Modern streaming architectures

Getting to real time streaming value with Kafka, Spark Streaming, Flink, Beam, and micro services

Ted Malaska

This course is designed to bring you up to speed on the most popular open-source options for stream processing: Kafka, Spark Streaming, Flink, Beam, and micro services. We will break down all these technologies then we will walk through real-world streaming use cases and see which tools make the best fit.

There will be live examples of multiple use cases, complete with code samples and walk-through, of all the above streaming frameworks.

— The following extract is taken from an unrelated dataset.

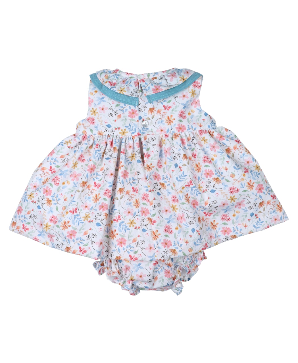 Jesusito de color blanco con estampado de flores liberty en tonos turquesa.

What you'll learn-and how you can apply it

At the end of this live, online course, you'll understand:

  • how the following technologies work and how they compare to each other
  • Spark Streaming
  • Flink
  • Beam
  • Microservices

  • IoT use cases, including enrichment, windowing, and machine learning

And you'll be able to:

  • work with any of the above streaming frameworks
  • build real prototypes
  • map IoT use cases to proven architectures
  • make architecture decisions for IoT solutions

This training course is for you because...

You are a:

  • Data engineer seeking to widen your streaming options
  • Data architect building real-time data systems at scale
  • Product manager looking into IoT strategies and technical paths

Prerequisites

  • Programming experience in Python, Java, or another data-analysis language
  • Knowledge of fundamentals of data storage and access patterns
  • Interest in IoT use cases

Recommended Preparation:

Mastering Spark for Structured Streaming (video)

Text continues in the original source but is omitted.